Synthetic interaction data 是 hierarchy 真正能 work 的关键：直接用 demo label 训 high-level 学不到 multi-turn correction、constraint satisfaction、verbal response；ablation 证明去掉合成数据，模型完全无法响应 mid-task 反馈。
High-level 和 low-level 共享同一个 PaliGemma-3B backbone 但独立训练——high-level 用 cross-entropy 预测下一个 skill label + 可选 verbal utterance，low-level 沿用 π0 的 flow matching action expert。两层在 inference 时串联（1 Hz / 10-50 Hz）。
Hi Robot 在 instruction-following 上吊打 GPT-4o：fine-tuned 3B PaliGemma 在 situated grounding（“that’s not trash” 指代当前夹爪里的物体）上比 GPT-4o 强得多，说明 generic 大 VLM 缺的是 robot-context 的对齐，而非 raw reasoning 能力。

Problem & Motivation

目标：让通用机器人能处理 open-ended、多轮、带约束的自然语言指令，例如 “Could you make me a vegetarian sandwich? I’m allergic to pickles”、“that’s not trash”、“I also want a KitKat”。

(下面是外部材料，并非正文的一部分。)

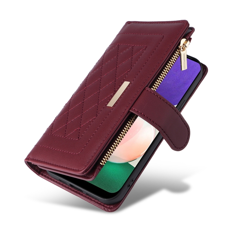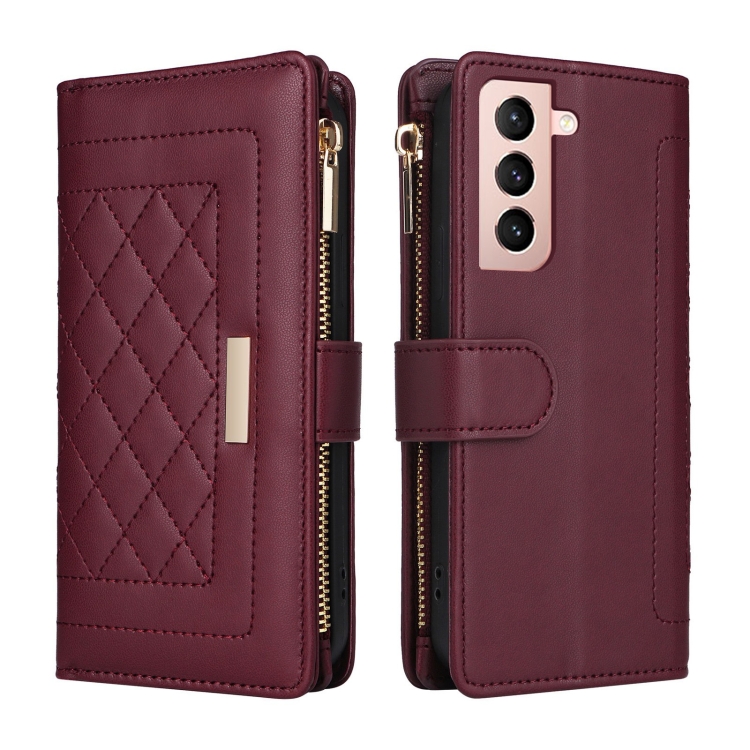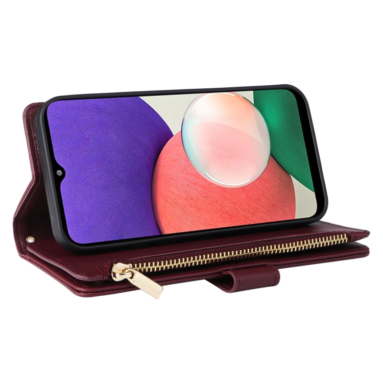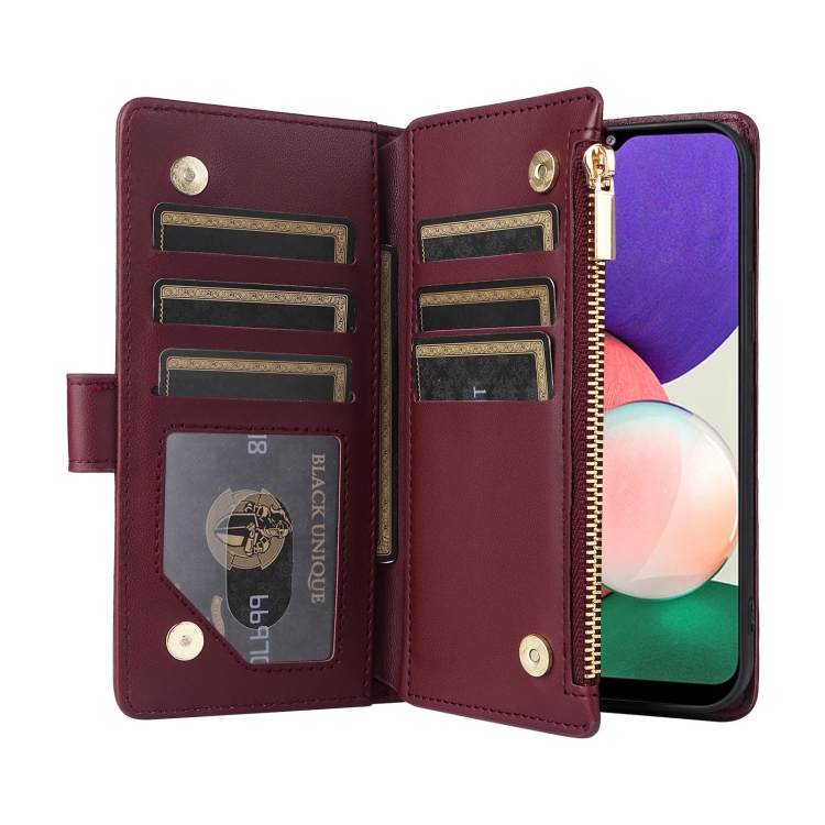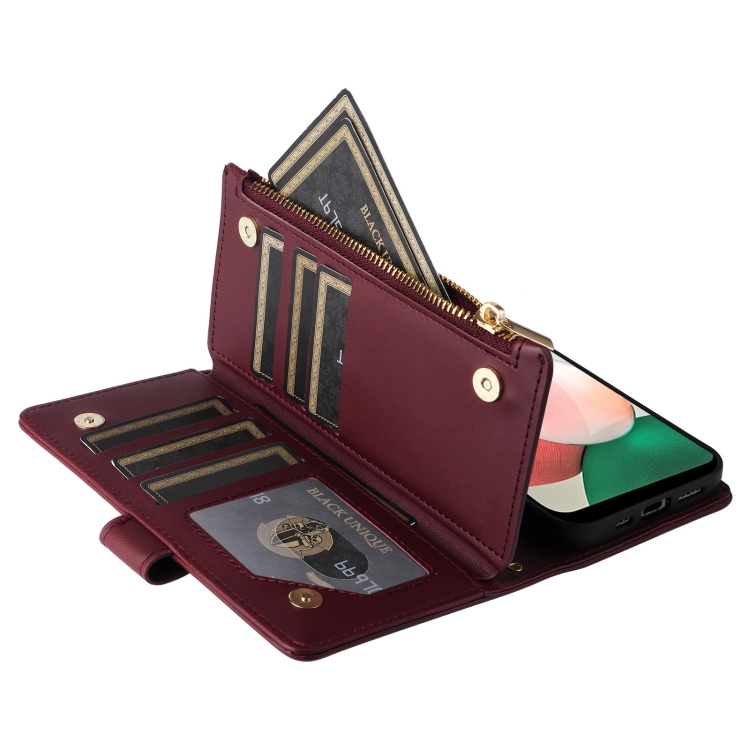 Funda Cuero Samsung Galaxy S22+ 5G Billetera Cruzada Cremallera (Rojo Vino)
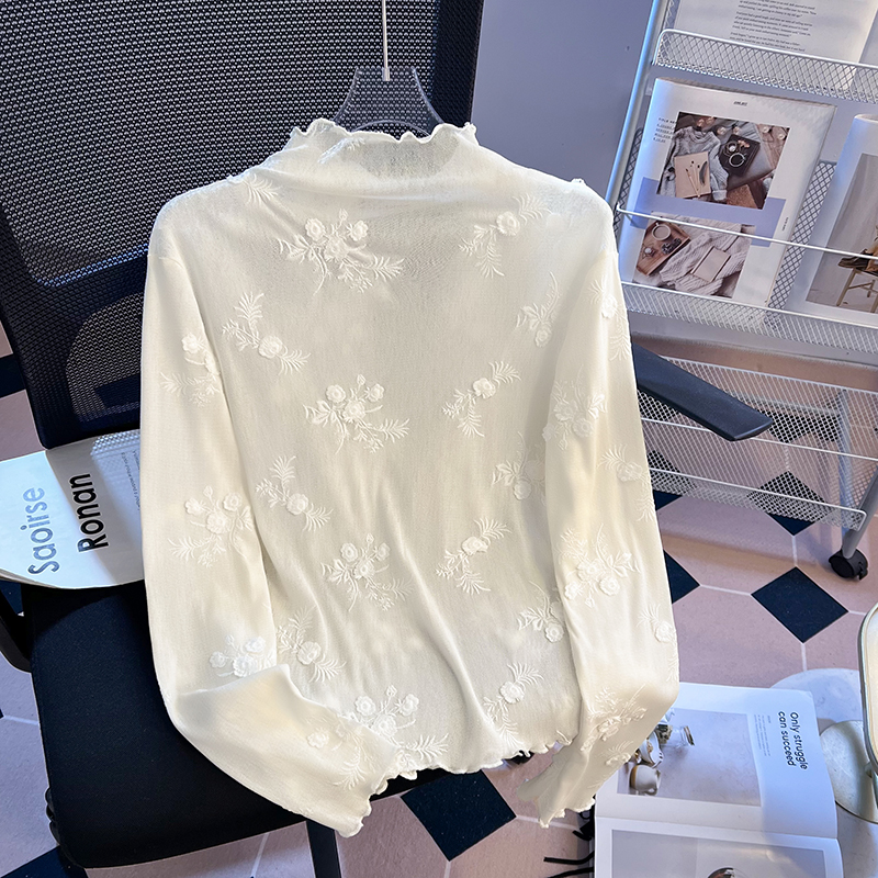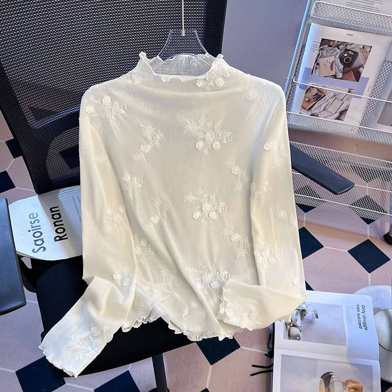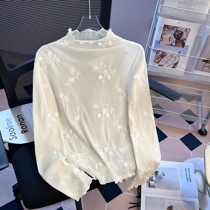 FA56775# 半高领蕾丝打底衫女秋冬新款木耳边高级感内搭网纱上衣女 服裝批發女裝批發服飾貨源

现有 VLA（包括 π0）的 prompt 接口被训成 atomic command 形式（“pick up the cup”），有三类失效：

复杂 open-ended 指令：含约束、偏好、否定，VLA 没有训练数据覆盖
mid-task situated correction：用户 在执行过程中 给反馈，需要把语言 ground 到当前 image 里的具体物体
multi-step deliberation：long-horizon 任务需要 System 2 慢速推理，VLA 的反应式行为做不到

核心 insight：把 policy 拆成两层——high-level VLM 做 “thinking”（说出下一步该干啥），low-level VLA 做 “acting”（怎么干）。论文的比喻是脑子里那个 “little voice”。

Figure 1. 三种 open-ended 指令场景——multi-stage instruction、real-time correction、unseen long-horizon、verbal response。

Method

形式化

设 observation $o_{t} = [I_{t}^{1}, ..., I_{t}^{n}, ℓ_{t}, q_{t}]$ ，包含多摄像头图像、prompt、robot configuration。policy 输出 action chunk $A_{t} = [a_{t}, ..., a_{t + H - 1}]$ 。

Hi Robot 把这个 $p (A_{t} ∣ o_{t})$ 拆成：

p^{hi} (\hat{ℓ}_{t} ∣ I_{t}^{1}, ..., I_{t}^{n}, ℓ_{t})

p^{lo} (A_{t} ∣ I_{t}^{1}, ..., I_{t}^{n}, \hat{ℓ}_{t}, q_{t})

含义：high-level $p^{hi}$ 把 open-ended prompt $ℓ_{t}$ 翻译成 intermediate skill label $\hat{ℓ}_{t}$ （如 pick up one piece of lettuce）。low-level $p^{lo}$ 接口与标准 VLA 完全一致，只是 prompt 换成了 $\hat{ℓ}_{t}$ 。当任务足够简单时可以直接 $\hat{ℓ}_{t} = ℓ_{t}$ 退化回普通 VLA。

这种解耦的代价是 high-level 与 low-level 不共享梯度，但好处明显：low-level 训练目标稳定，high-level 可以独立用语言数据迭代。

两层架构总览

Figure 2. 整体架构——high-level VLM 处理 prompt + 多视角图像，输出 intermediate command（可附带 verbal utterance）；low-level π0 接收该 command + 图像 + state，输出 action chunk。

High-level policy：fine-tuned PaliGemma-3B；约 1 Hz 或在用户输入时立即触发；可选地输出 utterance $u_{t}$ ，经 TTS（Cartesia API）说出来后从 $\hat{ℓ}_{t}$ 中剥离再喂给 low-level
Low-level policy：π0 VLA（PaliGemma-3B + flow-matching action expert）；10-50 Hz 控制
触发策略：高层 1 秒一次重新推理，或用户输入立即触发——简单但 reactive

Synthetic Data Generation（核心创新）

痛点：teleop demo 只能给 (image, atomic skill label) 这种 tuple。但 high-level 真正要学的是 (image, open-ended user prompt) → (verbal response, atomic skill label) 这种映射，这种数据在 demo 里根本不存在。

方法：用一个 generator VLM $p^{gen}$ 从 demo 切片自动合成多轮对话。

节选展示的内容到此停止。